| TASK |
Every line of the data below is to be duplicated exactly, pictures excepted.

| COLLECTED DATA |
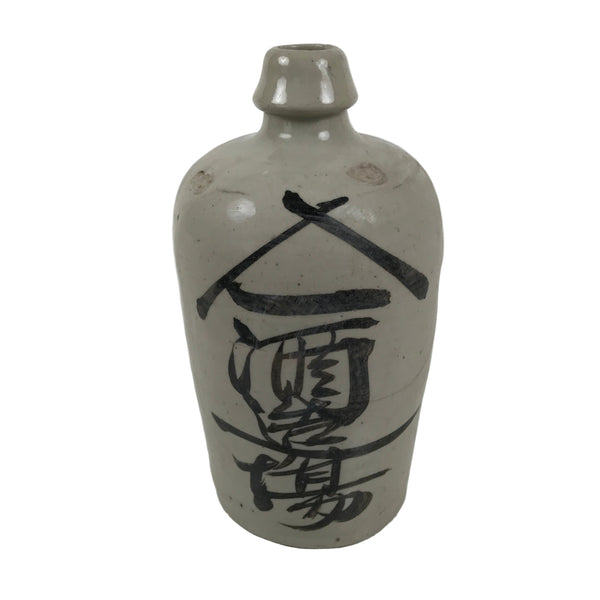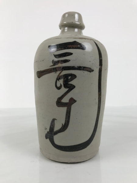 This is an antique Japanese ceramic sake bottle. It is called a Kayoi-Tokkuri and is used to pour sake. The commuting sake bottle became popular as a rental container for liquor stores in the Edo period when sake began to be consumed daily. This gray bottle has brown characters.
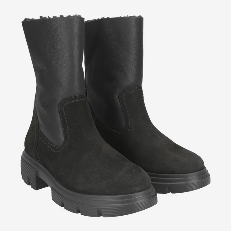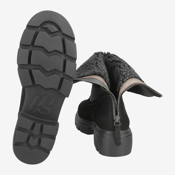 With these booties with warm lining from Paul Green you are well equipped for all winter weather conditions. The model made of black nubuck leather completes the design with the soft shaft made of doubleface and ensures a convenient entry and exit with the zipper at the back. Inside the shoe, the feet are equipped with cozy Merino warm lining (mulesing-free). The somewhat coarse outsole offers a first-class wearing pleasure. So must be the favorite ankle boot, which you can wear with pleasure and combine versatile!
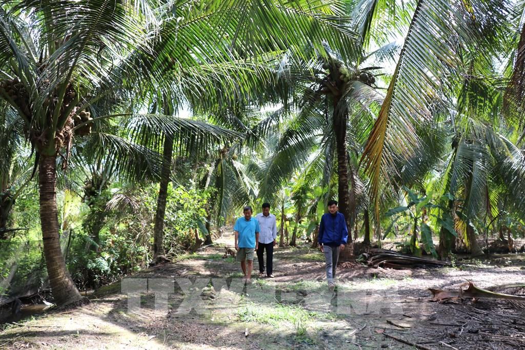 Vườn dừa hữu cơ 1 ha của dia đình ông Mai Văn On, xã Tam Ngãi. Ảnh: Thanh Hòa- TTXVN
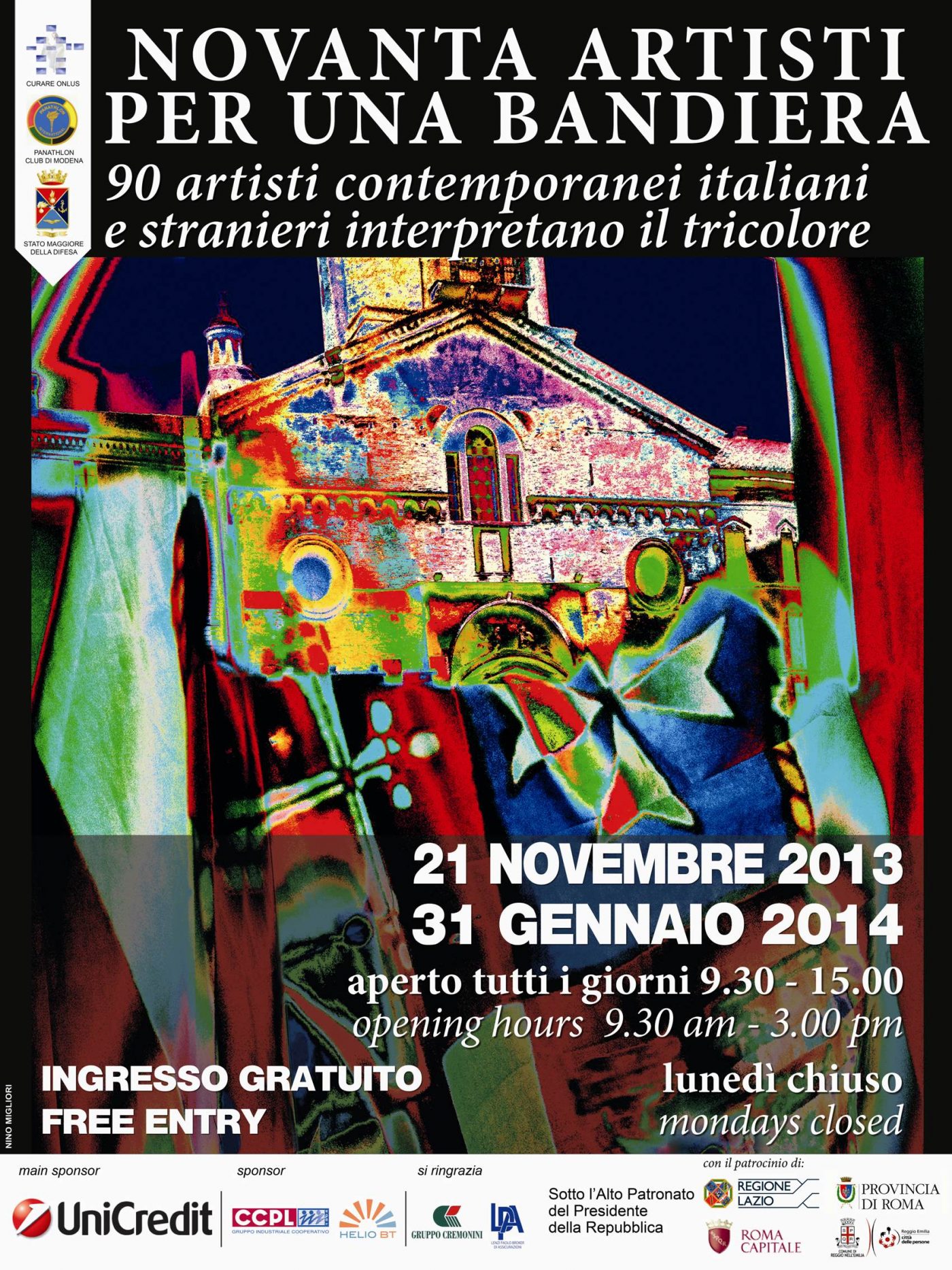 Si tratta della mostra NOVANTA ARTISTI PER UNA BANDIERA, sotto l’Alto Patronato del Presidente della Repubblica, promossa dall’Associazione CuraRE Onlus presieduta da Deanna Ferretti Veroni e da Panathlon Modena, in collaborazione con lo Stato Maggiore della Difesa e del Comune di Reggio Emilia, col patrocinio della Regione Lazio, della Provincia di Roma, del Comune di Roma.

| RESPONSE AREA |
 This is an antique Japanese ceramic sake bottle. It is called a Kayoi-Tokkuri and is used to pour sake. The commuting sake bottle became popular as a rental container for liquor stores in the Edo period when sake began to be consumed daily. This gray bottle has brown characters.
 With these booties with warm lining from Paul Green you are well equipped for all winter weather conditions. The model made of black nubuck leather completes the design with the soft shaft made of doubleface and ensures a convenient entry and exit with the zipper at the back. Inside the shoe, the feet are equipped with cozy Merino warm lining (mulesing-free). The somewhat coarse outsole offers a first-class wearing pleasure. So must be the favorite ankle boot, which you can wear with pleasure and combine versatile!
 Vườn dừa hữu cơ 1 ha của dia đình ông Mai Văn On, xã Tam Ngãi. Ảnh: Thanh Hòa- TTXVN
 Si tratta della mostra NOVANTA ARTISTI PER UNA BANDIERA, sotto l’Alto Patronato del Presidente della Repubblica, promossa dall’Associazione CuraRE Onlus presieduta da Deanna Ferretti Veroni e da Panathlon Modena, in collaborazione con lo Stato Maggiore della Difesa e del Comune di Reggio Emilia, col patrocinio della Regione Lazio, della Provincia di Roma, del Comune di Roma.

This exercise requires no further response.